Ultra Naté is an American singer, songwriter and DJ with over 30 active years in the industry to boast. In that time, she’s released eight studio albums and numerous hit dance club singles–in fact, virtually all of her singles have achieved their way into the top 10 of the Billboard US Hot Dance Club Play chart. In 2016, Billboard justly ranked her as the 12th most successful dance artist of all-time.
The spirited conversation begins with a flashback to her humble beginnings: Ultra Naté fondly recalls falling in love with music during her teenage years, back in the 80s. Her fascinating story takes place in Baltimore, Maryland, at a club that Ultra describes as “our version of a Paradise Garage type venue with a massive sound system, crazy culture and vibe and amazing music… I went there one night completely unaware and the rest is history, as they say.”
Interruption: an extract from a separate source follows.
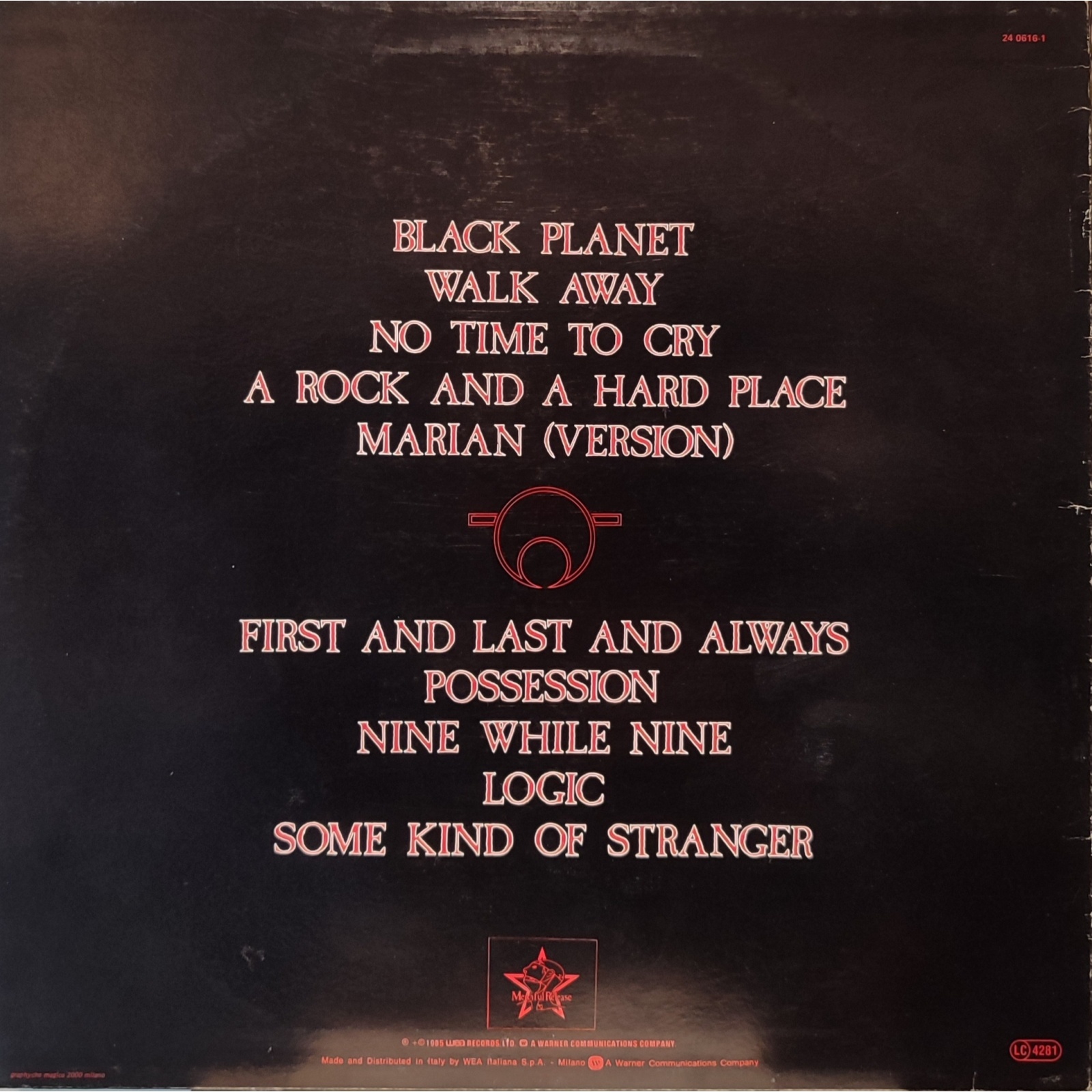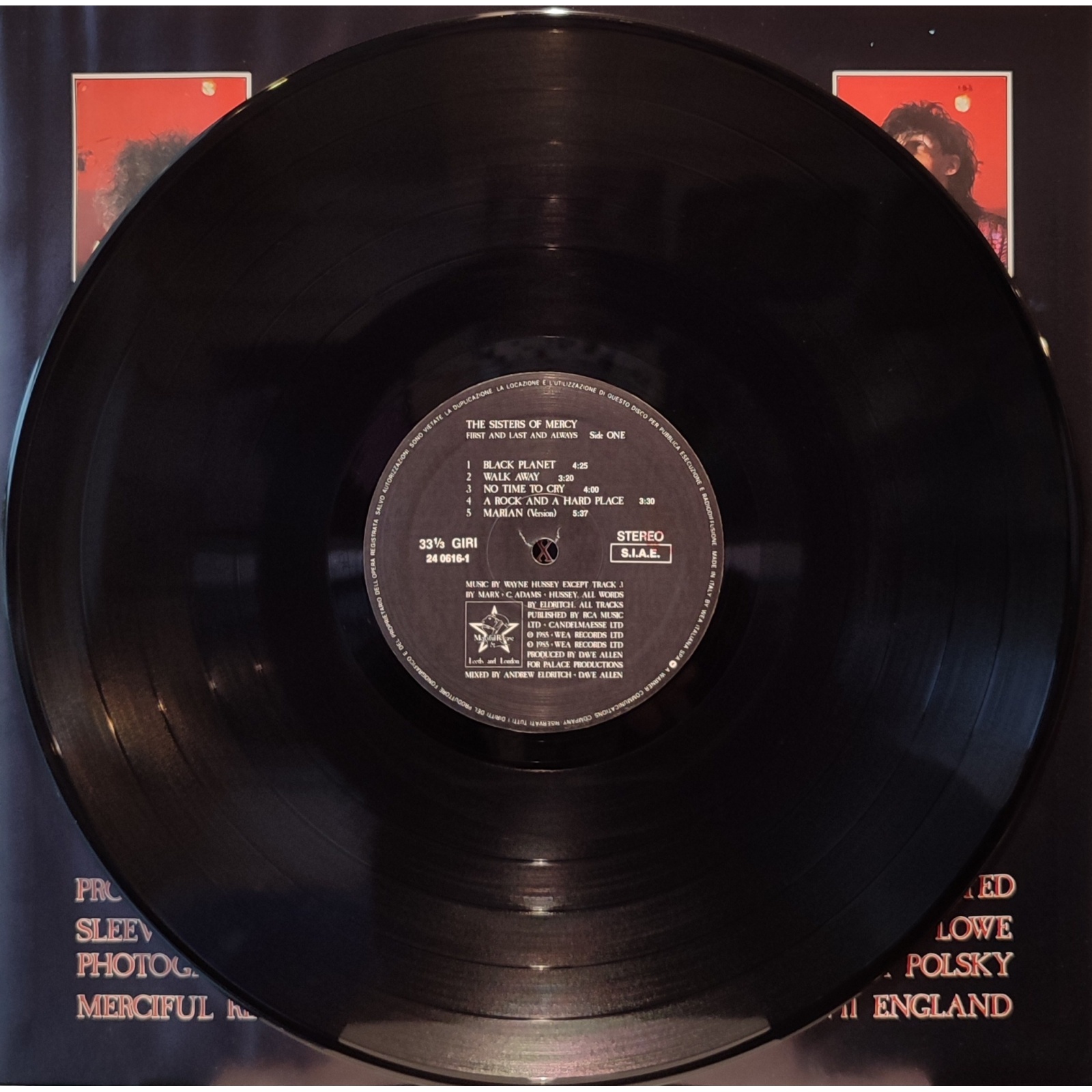 Prima edizione italiana, in vinile di seconda mano, del primo album in studio del gruppo post punk The Sisters of Mercy,"First and Last and Always".

Flash forward a few successful decades later, and Ultra Naté is still brimming with never-ending creative juices. In the chaos of the pandemic, she took refuge in her studio, and that is where her latest single “Fierce” was born.
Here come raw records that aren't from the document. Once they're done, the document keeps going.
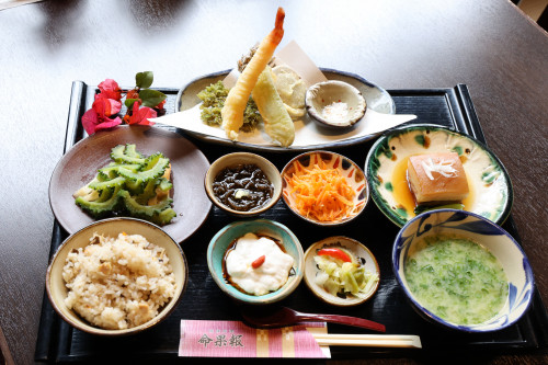 国際通り近くの「壺屋やちむん通り」にある琉球料理店。数々のメニューがある中、沖縄定番の郷土料理が一つの御膳になった、「ぬちがふう御膳」をいただきます。
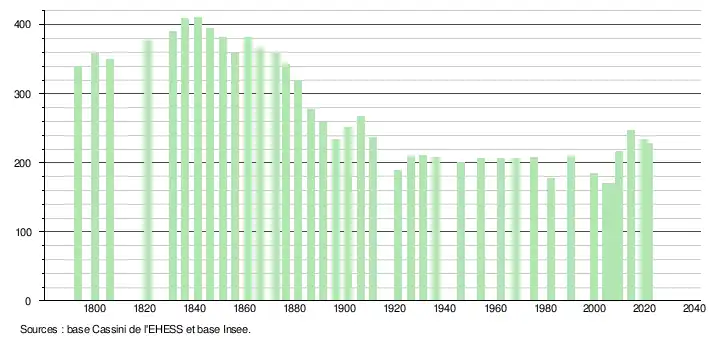 L'évolution du nombre d'habitants est connue à travers les recensements de la population effectués dans la commune depuis 1793. Pour les communes de moins de 10 000 habitants, une enquête de recensement portant sur toute la population est réalisée tous les cinq ans, les populations légales des années intermédiaires étant quant à elles estimées par interpolation ou extrapolation[19]. Pour la commune, le premier recensement exhaustif entrant dans le cadre du nouveau dispositif a été réalisé en 2004[20].
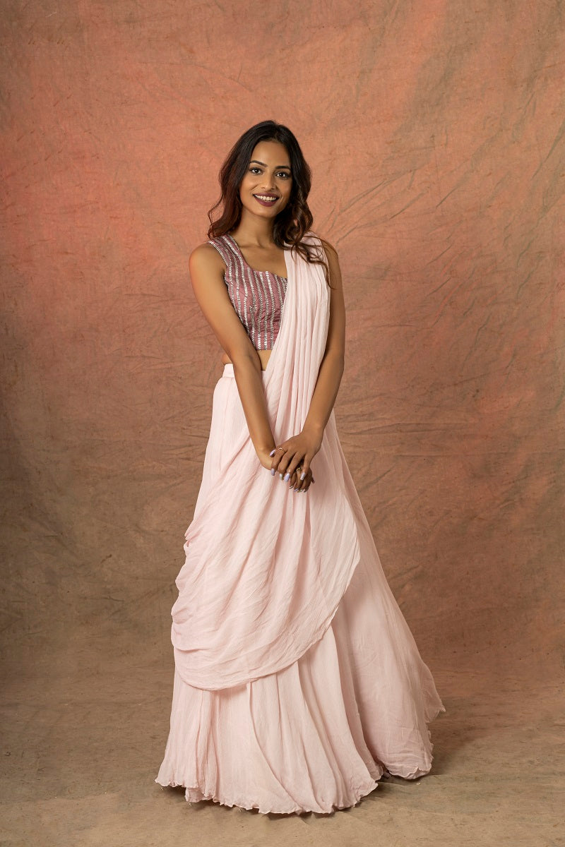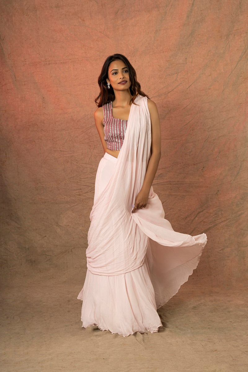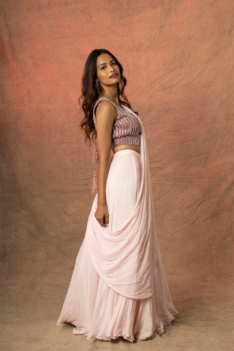 Mirror tugged with zari in linear pattern embroidered bodice.
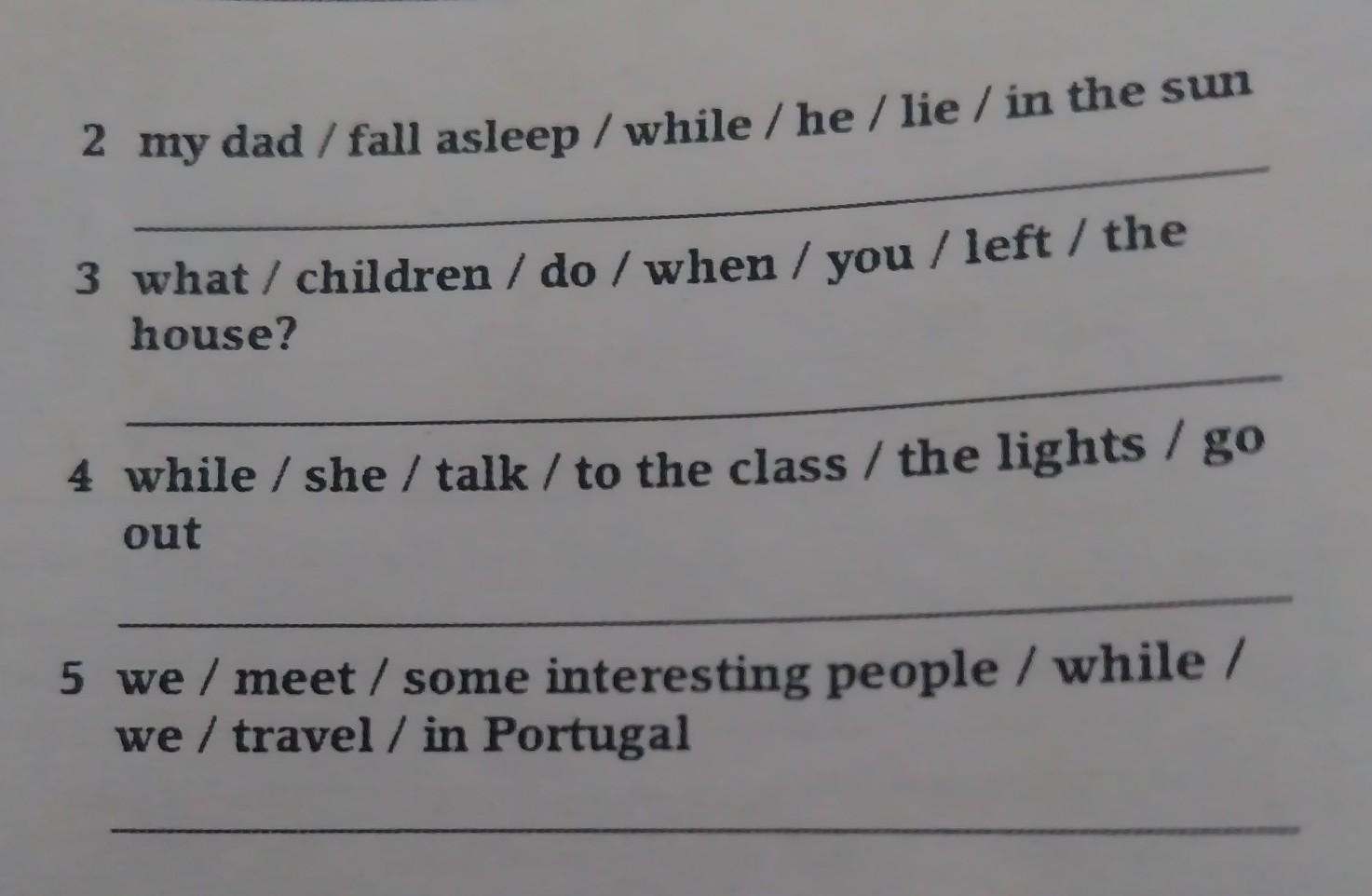 Use the prompts to write sentences using the past simple and past continuous in every sentence.
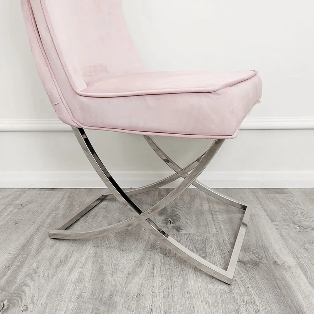 The Chrome Blush X-Leg Dining Chairs combine modern design with a touch of glamour, perfect for adding a sophisticated edge to any dining space. Upholstered in a luxurious blush pink velvet, these chairs feature elegant button-tufted detailing on the back, creating a timeless and elegant look. The unique chrome X-shaped legs add a striking visual statement, providing both style and stability.Designed for both comfort and aesthetics, the cushioned seat and contoured backrest offer a cozy dining experience. Available as a set of four, the Chrome Blush X-Leg Chairs are an ideal choice to enhance your dining area with chic elegance and bold flair.

Armed with a strong premonition of social change to come in 2020, Ultra Naté partnered with trans rights advocate and actress Angelica Ross from the hit TV show POSE and American Horror Story: Fame. And activist and singer Mila Jam to brilliantly fuse a powerful message with a sensational and catchy beat. When we asked about the creative inspiration behind the new track “Fierce,” Ultra Naté shares:
It is clear Ultra Naté takes her position as someone with a large platform and influence seriously. Outside of music alone, she takes to social media to initiate conversations of social importance. When inquired how she approached the conversation of the Black Lives Matter movement, she was unhesitant: “Oh, I just kicked down the door. I don’t have to think about it. I don’t have time to be deliberating… If you have to deliberate over it, you’re already on the wrong side of history.”
Speaking about other artists that have yet to use their platform for progress she says, “If you are quiet, you are complicit. So, I then have to wonder: what is your intention for me? If I do not know your position… I mean really, that’s it. I’m still in a quandary about many people out there right now that have not spoken up.”